My Life with the Thrill Kill Kult chronology
| Confessions of a Knife... (1990) | Sexplosion! (1991) | 13 Above the Night (1993) |

= Sexplosion! =

Sexplosion! is the third studio album by industrial disco band My Life with the Thrill Kill Kult. It was originally released in 1991 on Wax Trax! Records. Described by lead vocalist Groovie Mann as their "sexy" album, Sexplosion! is one of the band's biggest commercial and critical successes.

==Background==
Vocalist Groovie Mann called Sexplosion! the group's "sexy" album in 1995, adding that it was "total disco". He said it was intended as an open-ended fantasy for listeners and that it was genderless in its suggestions.

==Release==
Sexplosion! was released in 1991 on Wax Trax!
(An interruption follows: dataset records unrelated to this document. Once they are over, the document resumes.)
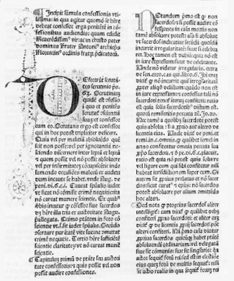 Custodito in biblioteca privata ecco una PAGINA del rarissimo incunabolo, vero e proprio manuale del CONFESSORE, opera di Antoninus Florentinus (Sanctus) dal titolo Incipit sumula confessionis utilissima: in qua agutur quomo se here debeat confessor erga penitente in confessionibus audiendis... edito a Venezia per Johannes de Colonia & Johannes Manthen nel 1474.
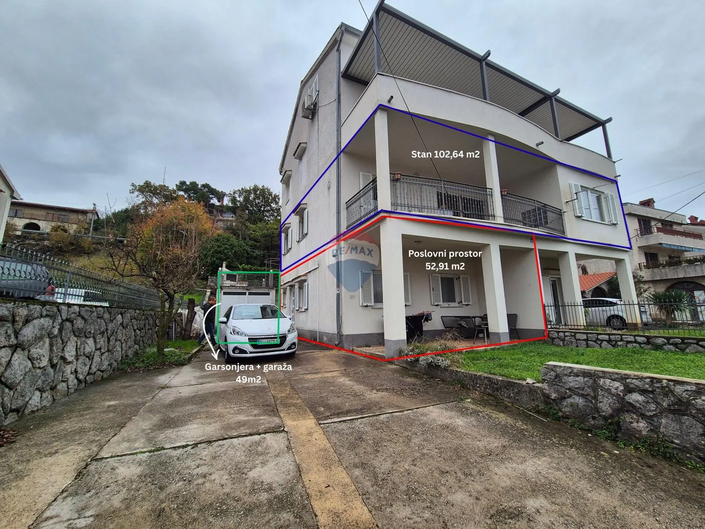 RE/MAX centar nekretnina iz svoje ponude izdvaja za prodaju 3 jedinice (stan + poslovni prostor + kuća, sveukupne kvadrature 204, 55 m2) + garažu + dvorište 163 m2. Navedeno se nalazi na Martinkovcu, na mirnoj lokaciji u slijepoj ulici. Stan i poslovni prostor su etažirani dok dvorišna kuća ima svoj zaseban vlasnički list. Prodaje se isključivo kao cjelina. Stan 102,64 m2 se nalazi na prvom katu kuće, ima zaseban ulaz, prostire se preko cijele etaže i ima djelomičan pogled na more. Sastoji se od: 3 spavaće sobe (glavna spavaća soba ima svoju vlastitu kupaonicu i walk in ormar), još jedne kupaonice, dnevnog boravka s kuhinjom, blagovaonom i radnim dijelom u open space konceptu s izlazom na balkon i pogledom na more, vešeraja/praone i hodnika. Stan ima kamin na drva, 3 klima uređaja te mramorne ploče na struju. Kompletno je namješten i opremljen i kao takav se prodaje. Poslovni prostor 52,91 m2, nalazi se u prizemlju iste te kuće i ima svoj zaseban ulaz. Trenutačno je uređen kao 1S+DB stan koji je u dugoročnom najmu, a sastoji se od: 1 spavaće sobe, dnevnog boravka s kuhinjom i blagovaonom, kupaone, hodnika i natkrivene terase s izlazom u vrt. Grijanje i hlađenje je putem klime te mramornih ploča na struju. Kompletno je namješten i opremljen i kao takav se prodaje. Predmet prodaje je i manja dvorišna kuća 49 m2, a koja je trenutačno podijeljena na garažu i garsonijeru koja je također dugoročno iznajmljena (uz manje preinake može se dobiti 1S+DB stan). Na krovu garaže i garsonijere se cijelom tlocrtnom površinom prostire velika terasa sa sjenicom i zidanim kaminom. Grijanje i hlađenje u garsonijeri je putem klima uređaja i mramornih ploča. Kompletno je namještena i opremljena i kao takva se prodaje. Sve navedeno nalazi se u dvorištu 163 m2, koje je kompletno ograđeno i na kojem se osim ranije navedenog nalazi vrt, vanjsko spremište i više parkirnih mjesta. Idealna nekretnina za veću obitelj, za investiciju u vidu iznajmljivanja ili kombinaciju iznajmljivanja i rješavanja vlastitog stambenog pitanja. ID KOD AGENCIJE: 300421024-876 Vjeran Šaina Prodajni predstavnik Mob: +385 91 641 7001 Tel: +385 51 551 871 Licenca: 191/2019 E-mail: v.saina@remax-opatija.hr remax-centarnekretnina.com
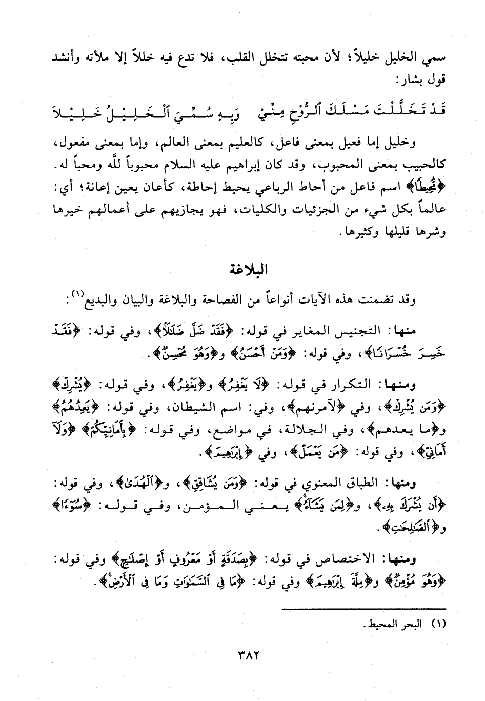 وخليل إما فعيل بمعنى فاعل، كالعليم بمعنى العالم، وإما بمعنى مفعول، كالحبيب بمعنى المحبوب، وقد كان إبراهيم عليه السلام محبوبًا للَّه ومحبًّا له. {مُحِيطًا} اسم فاعل من أحاط الرباعي يحيط إحاطة، كأعان يعين إعانة؛ أي: عالمًا بكل شيء من الجزئيات والكليات، فهو يجازيهم على أعمالهم خيرها وشرها قليلها وكثيرها.
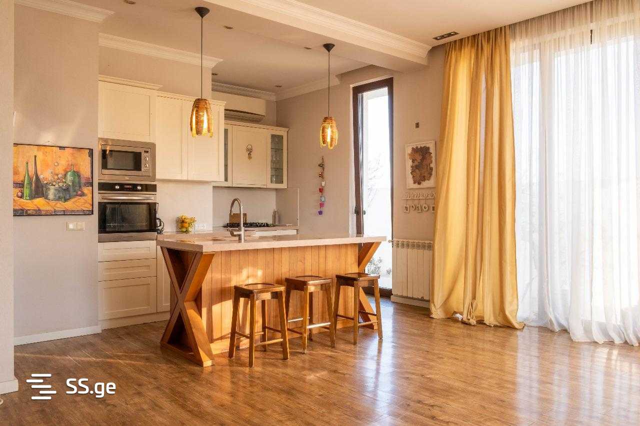 For sale: a private house with three bedrooms, a studio living-kitchen area, in a cozy neighborhood of Tbilisi, with two bathrooms and a garden.
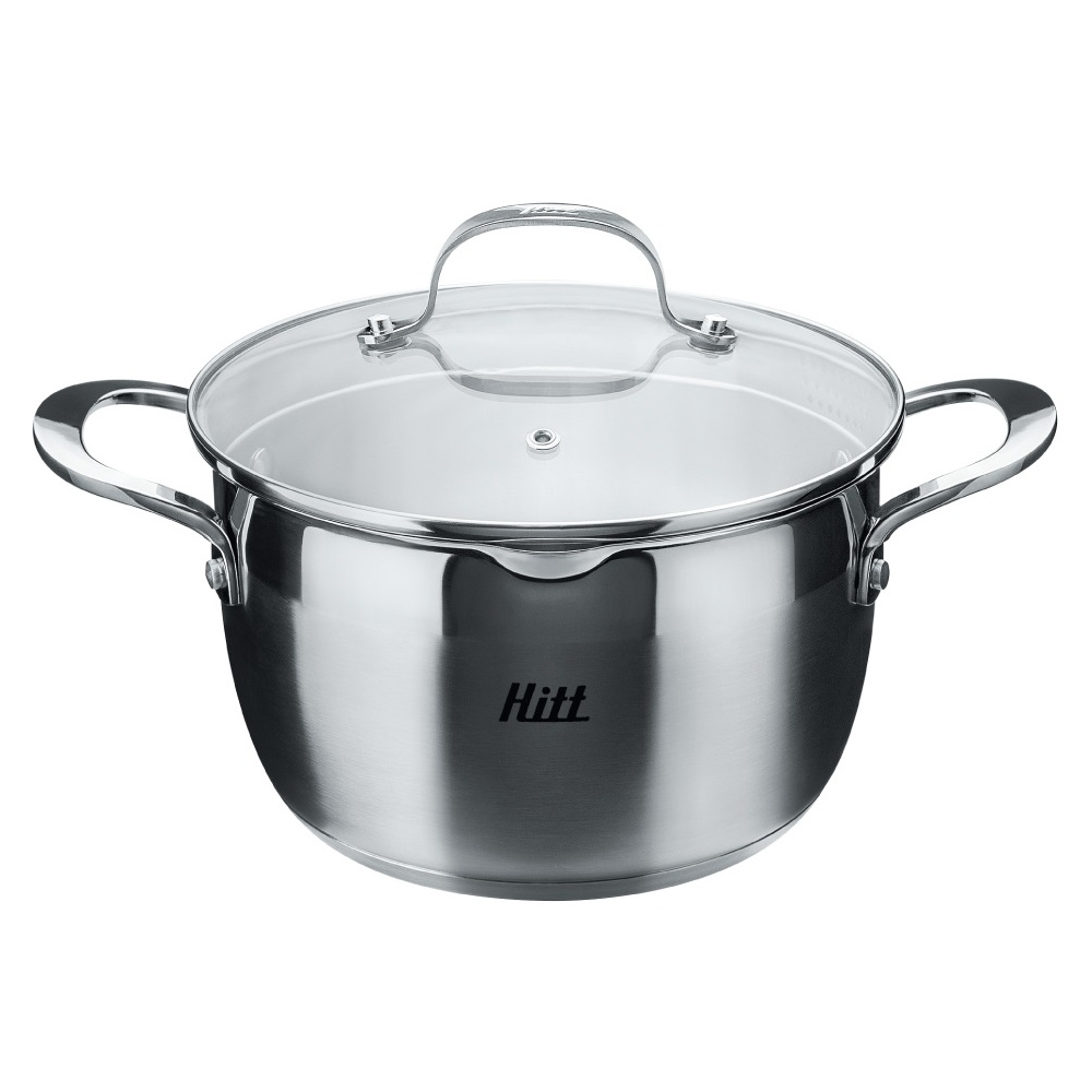 Кастрюля Hitt Sonate относится к серии PREMIUM. Выполнена из высококачественной стали, имеет тройное штампованное дно с вплавленным алюминиевым диском (толщина 4,5мм). Корпус кастрюли оснащен 2-мя носиками для удобного слива жидкости. Комбинированная полировка снаружи (4/5 - сатиновая, 1/5 - зеркальная), внутри нанесена мерная шкала с отметкой литража. Толщина стенок 0,6 мм. Цельные ручки из нержавеющей стали. Стеклянная крышка с ободом-дуршлагом для слива.Подходит для всех типов плит, включая индукционную.
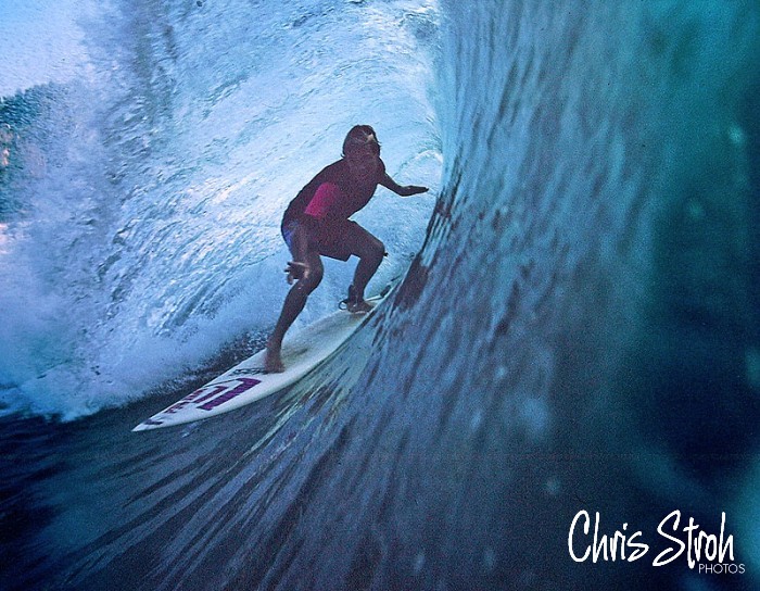 The late Andrew Murphy finds the right line at Ulu’s to get deep and still make it. Murph could ride the tube as good as anyone.
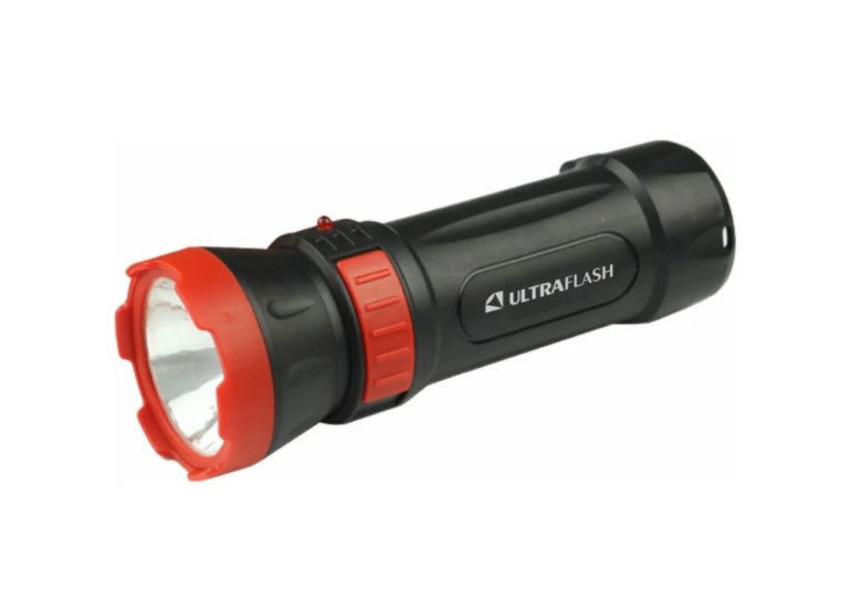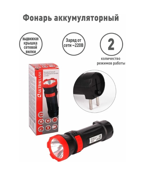 Фонарь Ultraflash LED3849 — электрический светодиодный аккумуляторный фонарь чёрного цвета. Некоторые характеристики: источник света — 1 светодиод с индивидуальным отражателем со световым потоком 80 люмен; дистанция освещения — 50–100 метров; два режима работы; выключатель — тумблер; время работы при полностью заряженном аккумуляторе — 3–4 часа; заряд напрямую от сети ~220 вольт, время заряда — 5 часов; степень пыле-влаго-защиты — IPX4; гарантийный срок — 1 год. Комплектация: свинцово-кислотный аккумулятор с напряжением 4 В ёмкостью 0,3 А-ч, светодиодный индикатор заряда, выдвижная сетевая вилка. Размеры: максимальный линейный размер фонаря — 12,2 см, размер упаковки — 4,25 см x 12,5 см x 4,25 см. 13 Вес: без упаковки — 0,076 кг, с упаковкой — 0,093 кг.
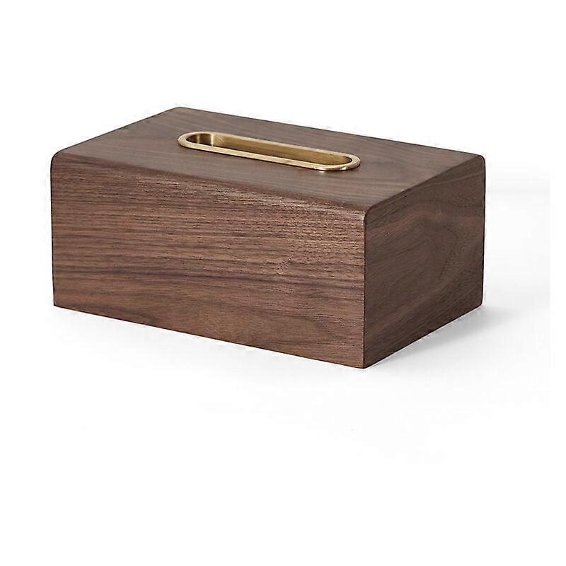 Solid Wood and Brass Tissue Box Living Room Lightweight Napkin Box Office Practical Paper Bin Home Car Tissue Box - Small 19.5 x 12.8 x 8.5cm
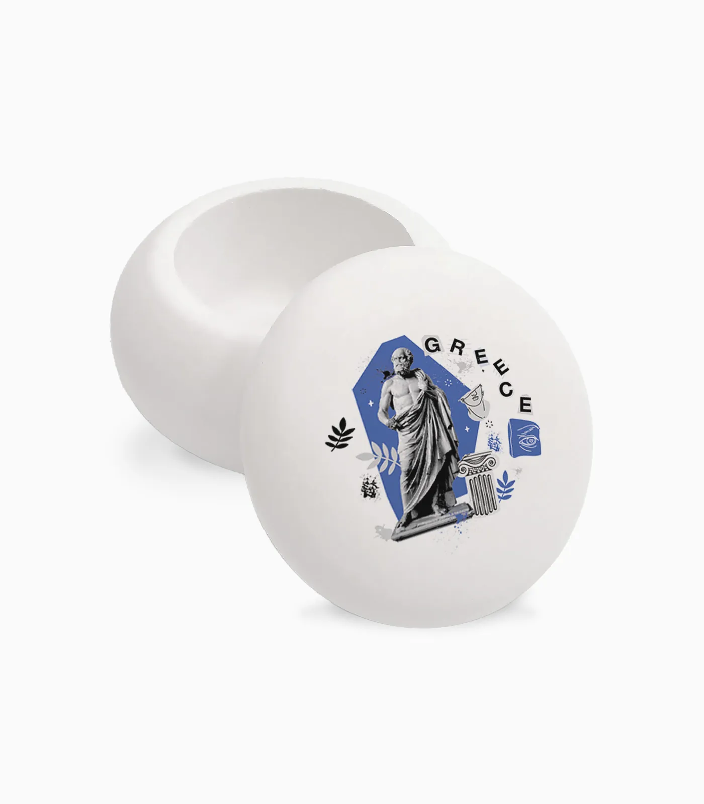 Με καθαρές γραμμές και διακριτικό σχήμα μακαρόν, το βαζάκι προσφέρει μια μοντέρνα αισθητική που ξεφεύγει από τα κλασικά τουριστικά αντικείμενα. Ανήκει στη θεματική Folklore, προτείνοντας μια πιο σύγχρονη προσέγγιση στον χώρο των αναμνηστικών δώρων.
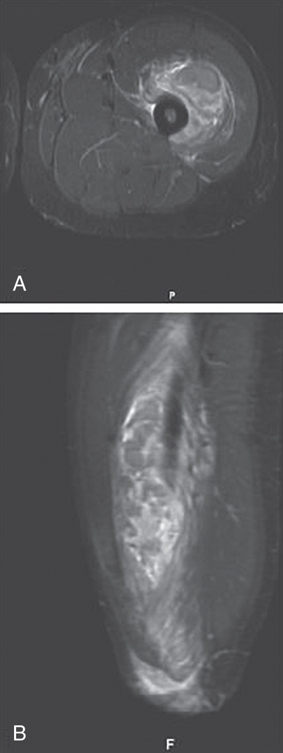 Hình ảnh cộng hưởng từ T2W mặt phẳng ngang (A) và đứng dọc (B) của đùi cho thấy một vết đụng dập lớn của cơ rộng giữa. Bệnh nhân là một vận động viên khúc côn cầu Olympic nữ bị đầu gối của một cầu thủ nam va vào trong một trận đấu tập. Các lực được truyền hiệu quả qua các cơ tứ đầu nông, không bị tổn thương, đến cơ tứ đầu sâu. Với sự phục hồi chức năng tích cực, vận động viên đã có thể thi đấu trong Thế vận hội và dẫn đầu đội của mình về số điểm. Cô không phát triển viêm cơ cốt hóa.
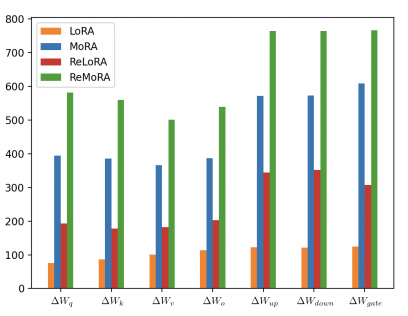 동일한 조건에서 MoRA는 M ∈ R256×256의 square-matrix을 사용하며, rank(∆W) ≤ 256을 따릅니다.
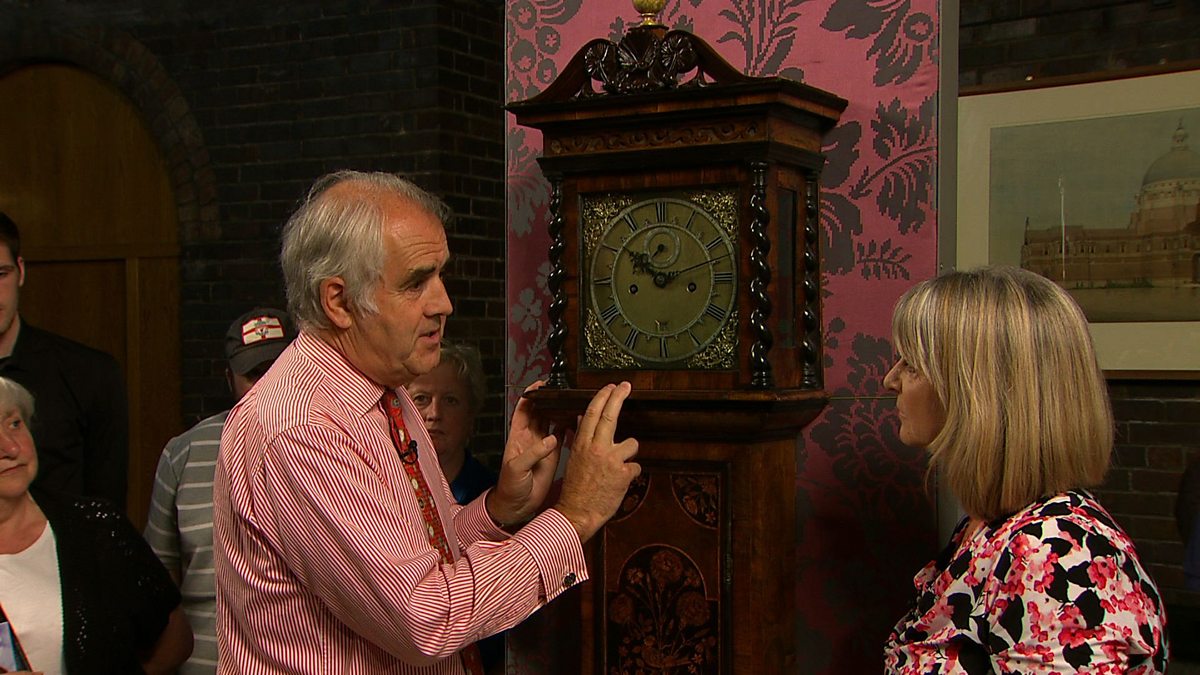 Richard Price admires a rare seventeenth century long case clock.
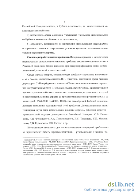 Среди первых авторов, затрагивающих проблему тюремного попечительства в России, необходимо назвать В.Н. Никитина, длительное время бывшего директором С.-Петербургского комитета Общества попечительного о тюрьмах, чей монументальный труд «Тюрьма и ссылка. Историческое, законодательное, административное и бытовое положение заключенных, пересыльных, их детей и освобожденных из под стражи, со времен возникновения русской тюрьмы до наших дней. 1560-1880 г.» (СПб., 1880) стал своеобразной Библией для последующего поколения исследователей этой проблемы. Дореволюционная пенитенциарная наука была представлена, главным образом, работами юристов -преподавателей ведущих университетов Российской Империи: СВ. Позны-шева, И.Я. Фойницкого, А.А. Пионтковского, Н.С. Таганцева, СП. Мокрин-ского, Д.В. Краинского, СК. Гогеля1 и др.
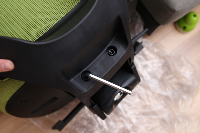 随后就是安装椅背跟扶手,跟说明书安装建议有些不同,我是直接椅背跟扶手一起安装好,等下直接座椅部分安装到金属脚即可。
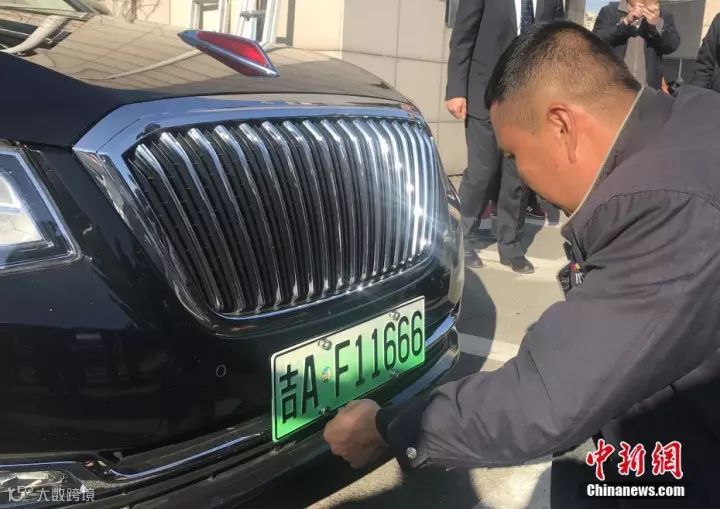 11月20日,吉林省长春市发出吉林省内第一副新能源汽车专用号牌。 中新社记者 张瑶 摄

Records and became one of the most successful releases in the label's history, selling more than 61,000 copies within six weeks of the album's June 1 release. The title track peaked at No. 10 on the Billboard Dance/Club Play Songs on October 26, 1991. The song "Sex on Wheelz" peaked at No. 15 on the same chart on July 27, 1991, as well as reaching No. 23 on the Modern Rock Tracks Chart. "Sex on Wheelz" appeared on the latter chart again, with its Cool World soundtrack remix, when it peaked at No. 17 on August 15, 1992.

==Reception==

Sexplosion! was well received by critics. Ned Raggett of Allmusic said it was the band's best album, calling it a clever blend of pop music sensibilities and trashiness. He went on to say the album mostly concerned itself with "who is doing whom and whether or not there will be enough spangles, muscle boys, and cocktails available." He noted with approval its lounge music vibe in places, as well as its sampling of theme songs from James Bond movies including Thunderball. He particularly praised the album's hit single "Sex on Wheelz" for its "nutty stomp and leer" and called it "as compressed and propulsive a celebration of fornication and driving as anything else America has ever come up with." Greg Kot of the Chicago Tribune was similarly enthusiastic, and began his review by saying, "This record has absolutely no redeeming social value whatsoever, and it's wonderful." He went on to call the album a blend of "sleaze ... camp ... and neon stylishness", and said it is all about having adult fun.

Professional ratings
Review scores
| Source | Rating |
| Allmusic | Star |
| Chicago Tribune | Star Half star |

==Touring==
The band toured in support of the album in July 1991. Eric Brace of The Washington Post said the live show was quite strong considering how devoted to camp the band is. He noted Groovie Mann's vocals and the excessive use of smoke machines as the show's primary weak points, while praising the performances of the instrumentalists in the group.

==Track listing==

Original Wax Trax! release (1991)
| No. | Title | Length |
|---|---|---|
| 1. | "The International Sin Set" | 5:48 |
| 2. | "Leathersex" | 6:10 |
| 3. | "A Martini Built for Two" | 5:48 |
| 4. | "Dream Baby" | 5:47 |
| 5. | "Mood No. 6" | 2:25 |
| 6. | "Sexplosion!" | 5:52 |
| 7. | "Princess of the Queens (The Lost Generation)" | 4:31 |
| 8. | "Sex on Wheelz" | 4:59 |
| 9. | "A Continental Touch" | 6:11 |
| 10. | "Mystery Babylon" | 7:13 |
| 11. | "Dream Baby" (Nocturnal Mix) | 7:04 |
| 12. | "Sex on Wheelz" (Radio Mix) | 3:58 |

Interscope re-release (1992)
| No. | Title | Length |
|---|---|---|
| 1. | "The International Sin Set" | 5:48 |
| 2. | "Leathersex" | 6:10 |
| 3. | "A Martini Built for Two" | 5:48 |
| 4. | "Dream Baby" | 5:47 |
| 5. | "Mood No. 6" | 2:25 |
| 6. | "Sexplosion!" | 5:52 |
| 7. | "Princess of the Queens (The Lost Generation)" | 4:31 |
| 8. | "Sex on Wheelz" | 4:59 |
| 9. | "A Continental Touch" | 6:11 |
| 10. | "Mystery Babylon" | 7:13 |
| 11. | "Sex on Wheelz" (Motor City Remix) | 4:40 |

==Personnel==
- Groovie Mann – vocals
- Buzz McCoy – programming, guitar
- Sekret Dezyre (Laura Dame) – vocals
- Shawn Christopher – vocals (7)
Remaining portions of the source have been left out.